### DATA BLOCK
────
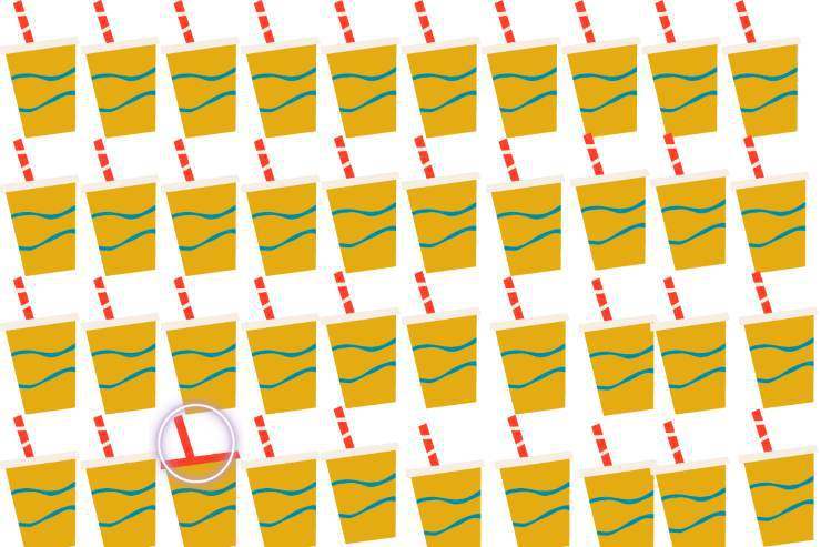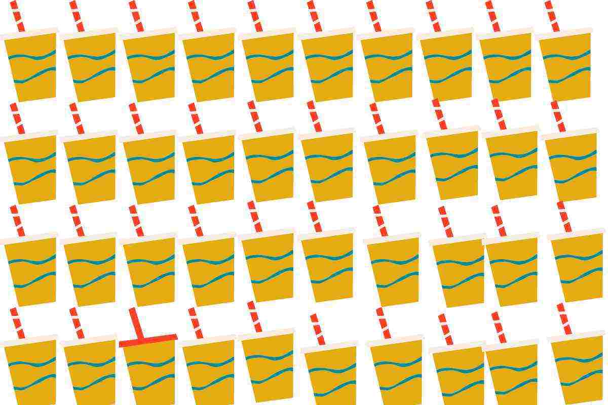 Se avessi osservato con attenzione l’immagine, avresti facilmente individuato l’intruso tra tutti i bicchieri. Nell’ultima fila, a partire da sinistra, il terzo bicchiere è leggermente diverso dagli altri. Certo, come dicevamo poco fa, non parliamo di grosse differenze sostanziali, questo è vero. Se avessi avuto, però, un attento spirito d’osservazione, avresti rintracciato facilmente la cannuccia completamente rossa, a differenza delle altre bianche e rosse, e il coperchio completamente rosso.
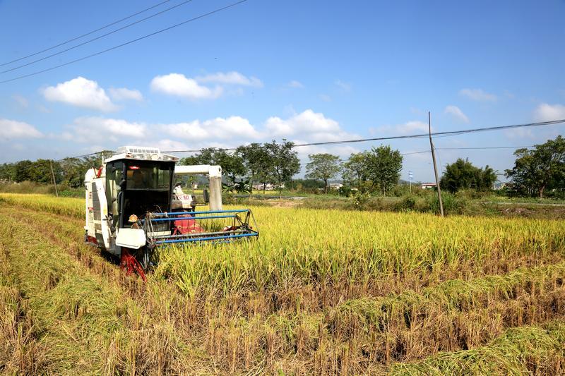 收割機(jī)在金色的稻田里來回穿梭;葜萑?qǐng)?bào)記者黃宇翔 特約通訊員黃偉光 攝
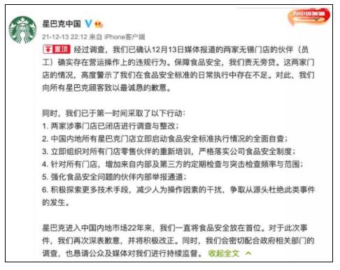 (星巴克道歉 截圖自星巴克官方微博)
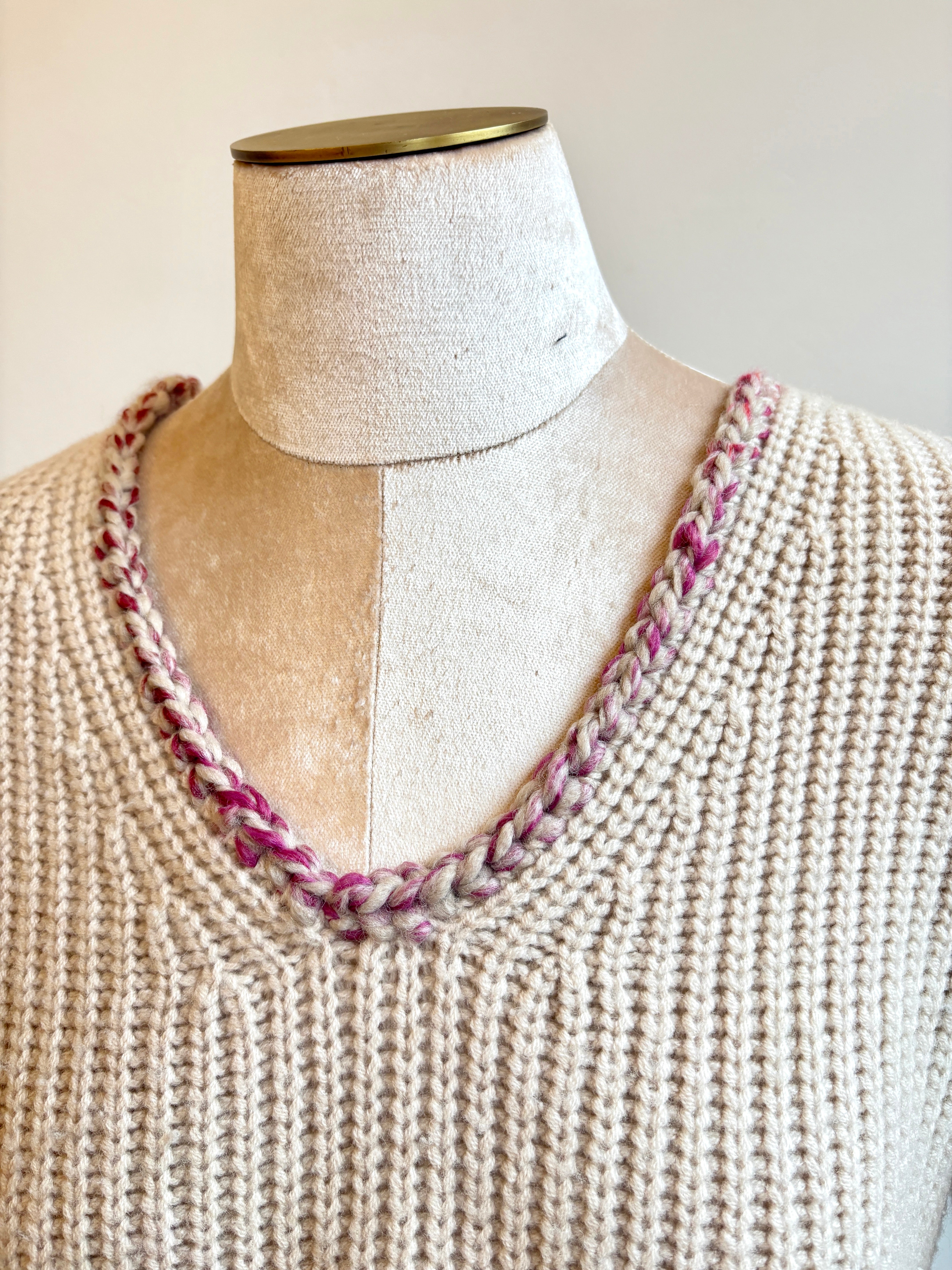 - Knitted accent neckline in colors cream/pink
────
From the line holding "(星巴克道歉 截圖自星巴克官方微博)" to the last line of the listing, please output each line exactly as it stands. Pictures stay out of the copy.

### ANSWER SPACE
 (星巴克道歉 截圖自星巴克官方微博)
 - Knitted accent neckline in colors cream/pink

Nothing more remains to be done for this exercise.